▸ DATA BLOCK
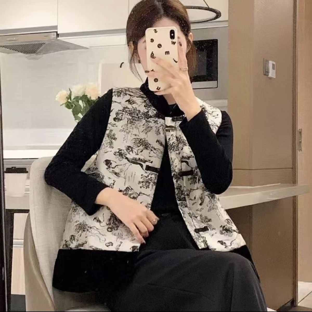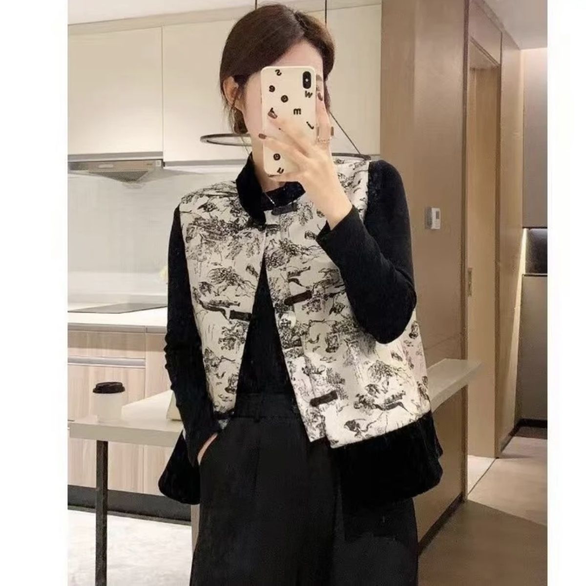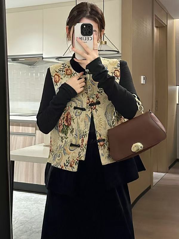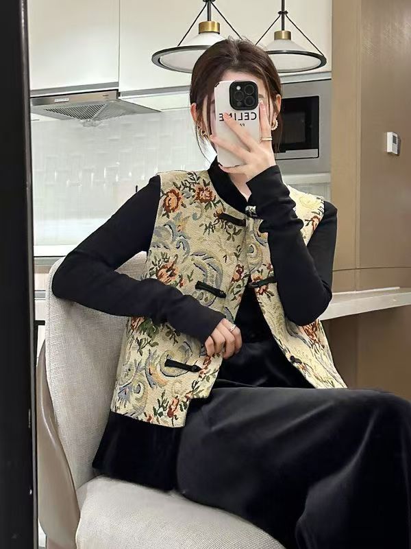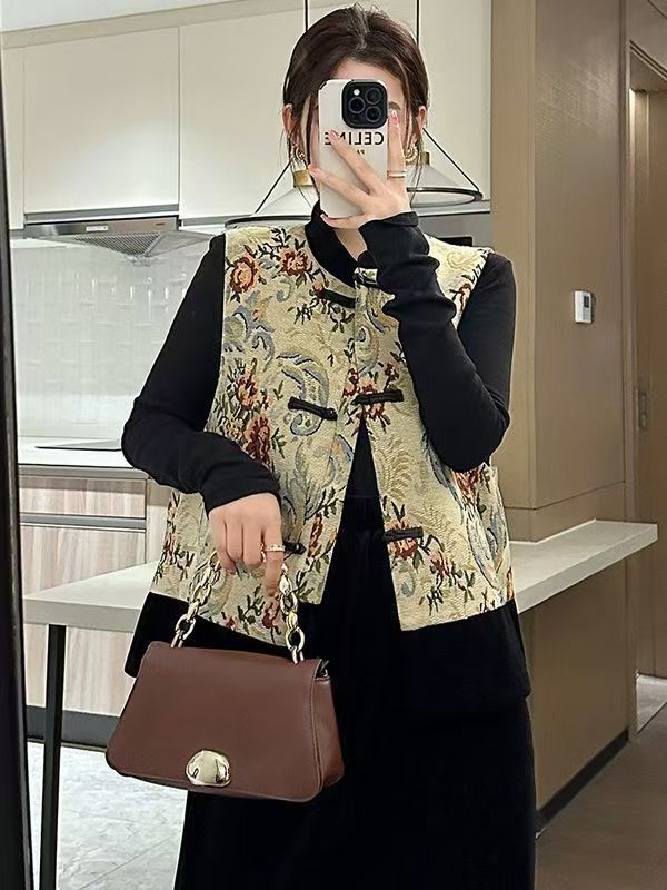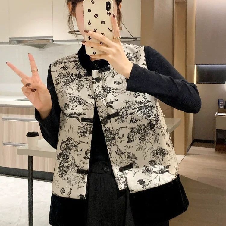 새로운 중국 스타일 중국 스타일 잉크 페인팅 조끼 여성 2025 년 봄과 가을 새로운 빈티지 버클 다목적 조끼 재킷스토어 가기
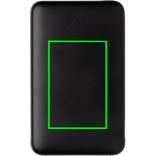 Compact and flat 5.000 mAh powerbank made out of ABS that is easy to take with you wherever you go. With the 3 in 1 integrated TPE cables the powerbank is compatible with all mobile devices in the market and directly ready for use. When fully charged it will provide you with enough energy to re-charge your mobile phone up to two times. The powerbank contains a long lasting grade A 5000 mAh high-density lithium polymer battery. The power indicators will indicate the remaining energy level so you always know when to re-charge. Input: 5V/2A Output 5V/2A.
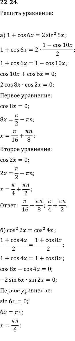 Готовая домашняя работа с ответами по Алгебре за 10, 11 класс Мордкович, Денищева, Корешкова, Мишустина, Семёнов, Тульчинская Задачник Базовый уровень Часть 2 Мнемозина 2015 ФГОС - §22. Преобразование суммы тригонометрических функций в произведения 22.24
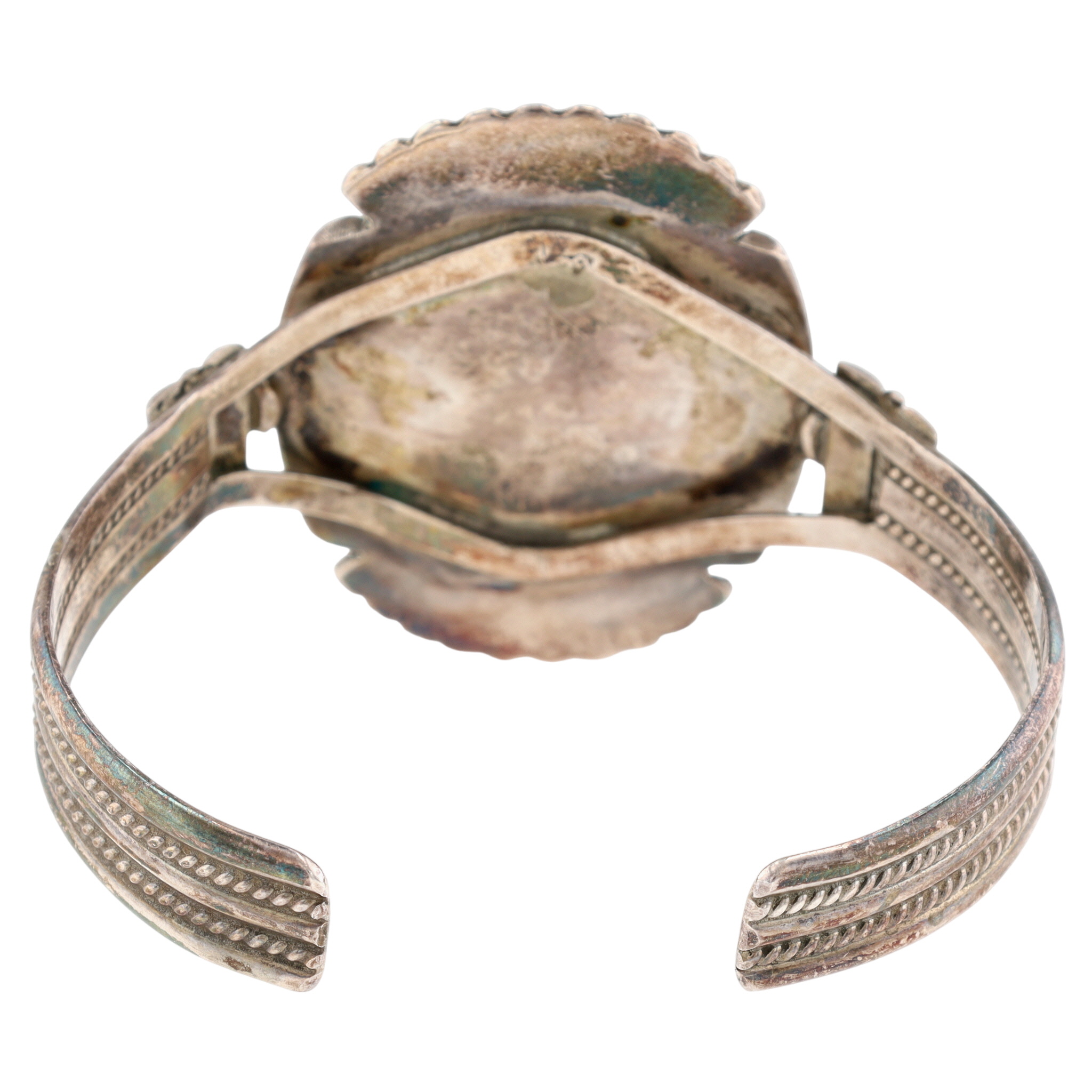 Beverly Etsate Vintage Zuni Sterling and Multistone (Coral, Turquoise, Jet, Shell) Raised Inlay Mudhead Dancer Cuff Bracelet – 30.9g – Note: Cuff is hand signed – able to make out Etsate and Zuni, but unable to decipher the writing that is before ‘Etsate’ – believed to be Beverly Etsate based on the signature design of cuff and writing – see photos.

▸ PROBLEM TO SOLVE
Copy exactly the lines that run from the line containing "Готовая домашняя работа" to the end of the data above, keeping both end lines and leaving out all pictures.

▸ EXERCISE RESPONSE
 Готовая домашняя работа с ответами по Алгебре за 10, 11 класс Мордкович, Денищева, Корешкова, Мишустина, Семёнов, Тульчинская Задачник Базовый уровень Часть 2 Мнемозина 2015 ФГОС - §22. Преобразование суммы тригонометрических функций в произведения 22.24
 Beverly Etsate Vintage Zuni Sterling and Multistone (Coral, Turquoise, Jet, Shell) Raised Inlay Mudhead Dancer Cuff Bracelet – 30.9g – Note: Cuff is hand signed – able to make out Etsate and Zuni, but unable to decipher the writing that is before ‘Etsate’ – believed to be Beverly Etsate based on the signature design of cuff and writing – see photos.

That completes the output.